L’humour peut parfois être questionné, les femmes étant facilement accusées de manquer d’humour quand elles se sentent en fait maltraitées.

 Que disent les femmes ? : elles commencent à parler de leurs expériences et comprennent que c’est un combat à partager y compris avec les hommes. Le mouvement #metoo a débloqué la parole des femmes.

 Que disent les hommes ? Le plus souvent ils méconnaissent le problème car ils n’ont pas conscience du fonctionnement social au sein d’une société patriarcale. Sinon, ils disent que c’est eux qui ont été sollicités, aguichés. Comme tous les privilégiés ils ont tendance à ignorer que les avantages qu’ils ont sont naturels ? Qu’ils vont de soi.

 Que font les féministes ? Elles dénoncent systématiquement les différences de traitement dus au genre : différences de salaires, de postes, de traitement par la justice. Elles informent chacun, en particulier en utilisant Twitter, de toutes les anomalies qu’elles constatent et soutiennent les initiatives. Par exemple, elles relèvent systématiquement dans les journaux le nombre de femmes tuées par leur compagnon. Elles le font connaître. Les associations de lutte pour aider les femmes battues, pour aider les femmes à parler, pour les accompagner quand elles ont le courage de porter plainte. Elles sont présentes dans les émissions de télévision pour informer.
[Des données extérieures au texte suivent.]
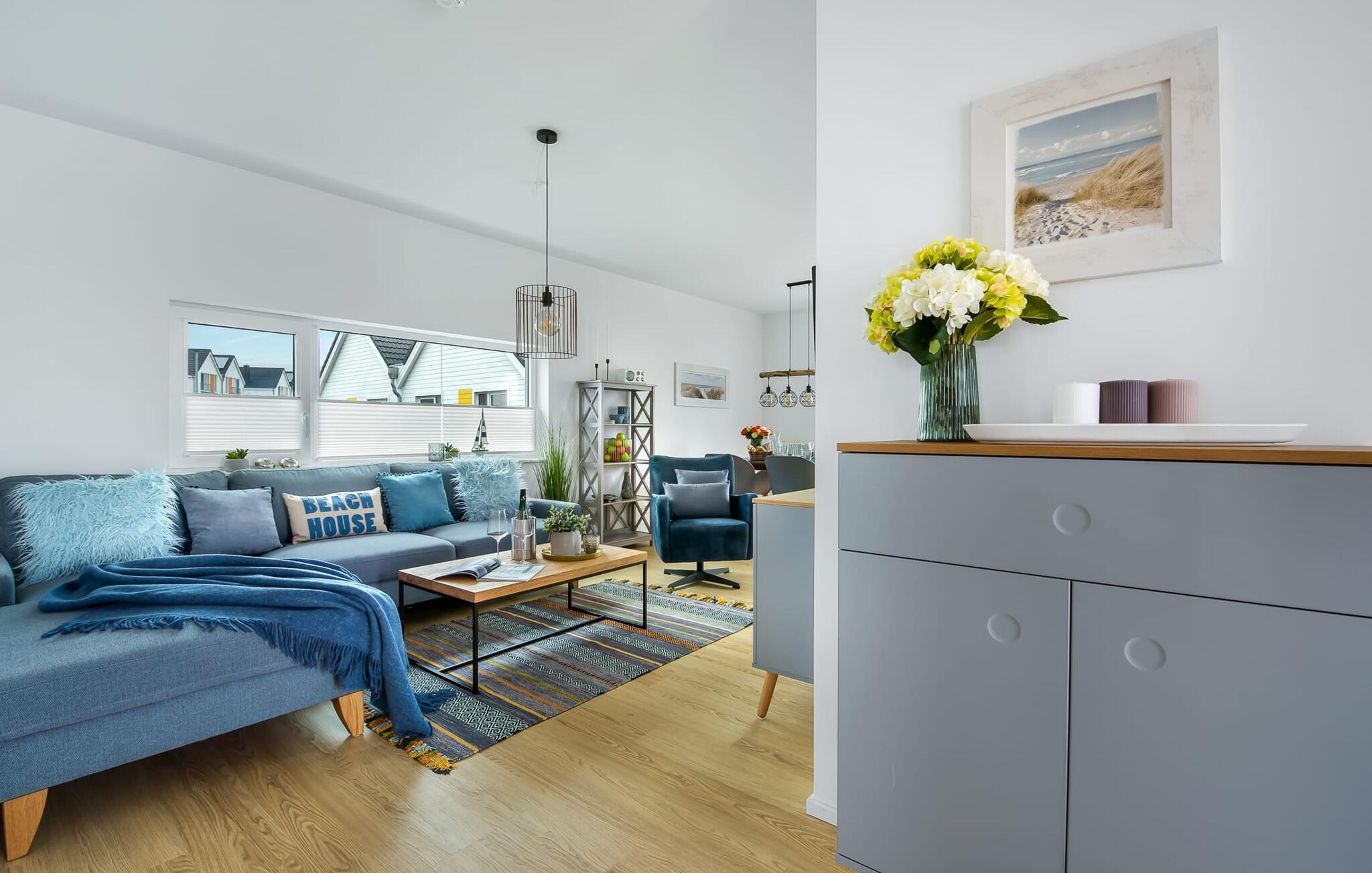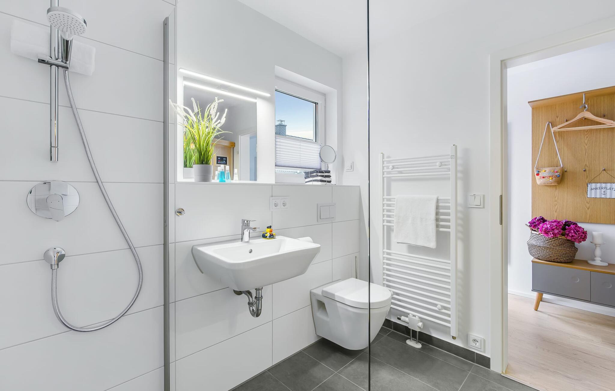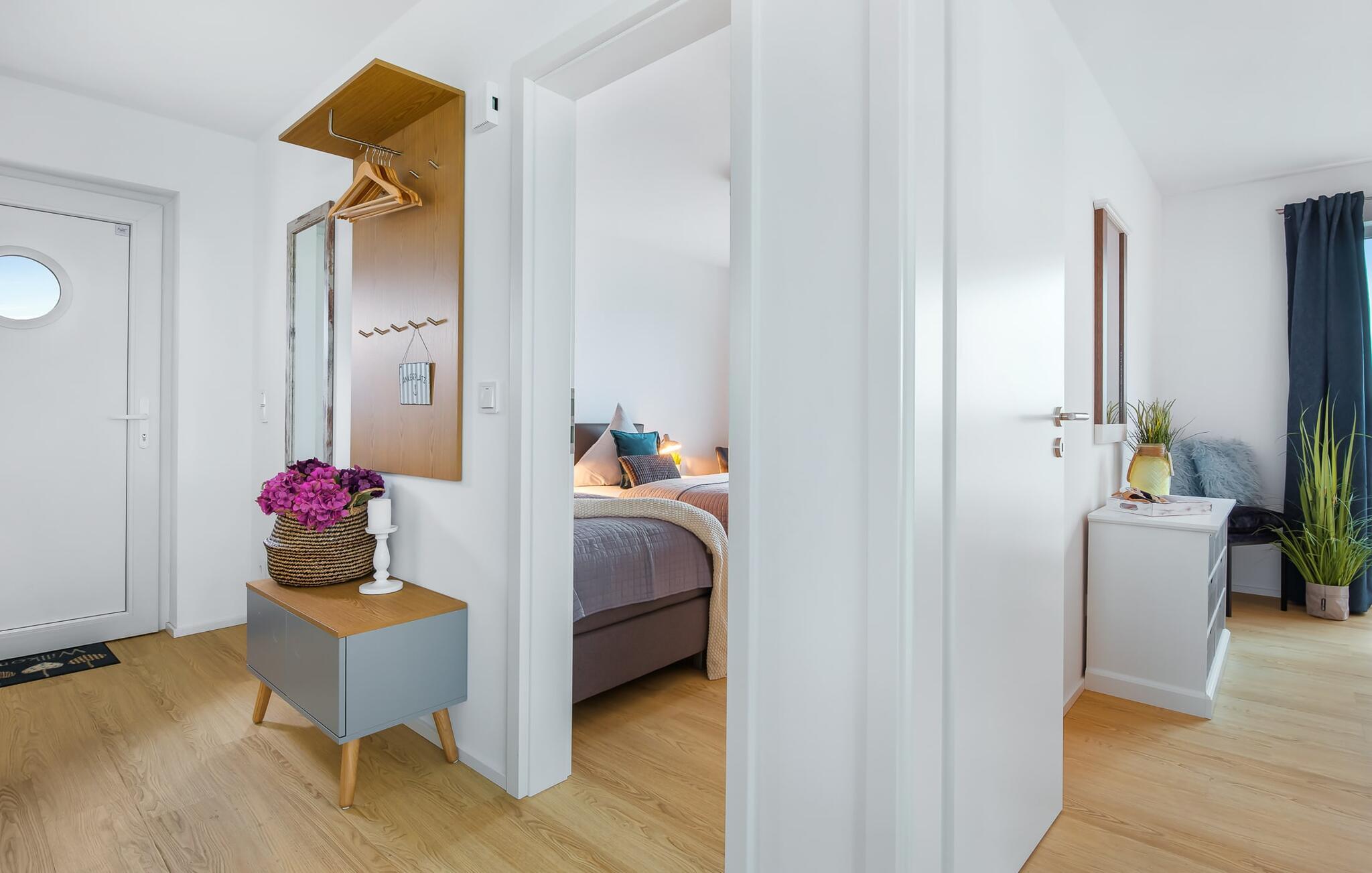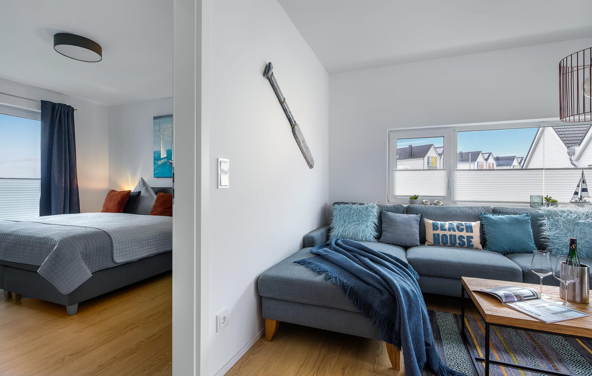 Hvem drømmer ikke om at eje sit eget hus? Måske endda jeres egen sejlbåd? Nå, KLEINE KOGGE er ikke et rigtigt sejlskib, men det er et rigtigt hus! Et parcelhus ikke langt fra den smukke Weidefelder sandstrand direkte ved Østersøen. Bedste betingelser for en vellykket ferie! Moderne og kærligt indrettet i skandinavisk stil, KLEINE KOGGE byder jer hjertelig velkommen og lover en vidunderlig ferie. Vinduerne fra gulv til loft i den åbne stue/alrum giver rummelighed og lader solen skinne. Herfra og det tilstødende køkken kan I komme ind på terrassen og hygge jer. At nyde retterne tilberedt i det veludstyrede køkken her er ren ferie. Gulvvarmen og pejsen sørger for hyggehygge i KLEINEN KOGGE selv i den køligere årstid. Den komfortable opholdsstue med fjernsyn inviterer jer til at have glade aftener og masser af afslapning. De to soveværelser er hver indrettet med en dobbelt boxmadrasser og garanterer en sund søvn. Der er et andet fjernsyn i det ene soveværelse. programmet fortsætter på badeværelset, hvor en bruser i gulvniveau og en infrarød kabine venter på at forkæle jer. jeres bil kan også føles godt tilpas, da den har en parkeringsplads lige ved siden af huset. Vores favoritsted: En hyggelig grillaften på terrassen og nyd ferien i fulde drag... Bemærk venligst: OstseeResort Olpenitz er meget populært, og der bygges fortsat i parken. Ikke desto mindre kan I se frem til en 5-stjernet standard og et førsteklasses ophold. Byggeaktiviteterne kommer ikke til at forstyrre jer på ferien, og derfor gives der ikke yderligere afslag i prisen.

Ce qui manque c’est une formation de tous, en plus des enseignants et des travailleurs sociaux pour améliorer les relations . C’est une charte pour promouvoir l’égalité et cesser de favoriser la soumission à la loi du plus fort.

Agnès Le Guernic .

[1] Lire l’article de Yves Raibaud, géographe, le 25/03/2014 sur CNRS Le journal : Une ville faite pour les garçons. Lire aussi « Le sexe de la ville » publié par Les Nouvelles News, hors série.

[2] Lire l’article écrit par Isabelle Germain le 19 février 2019 sur Les Nouvelles News.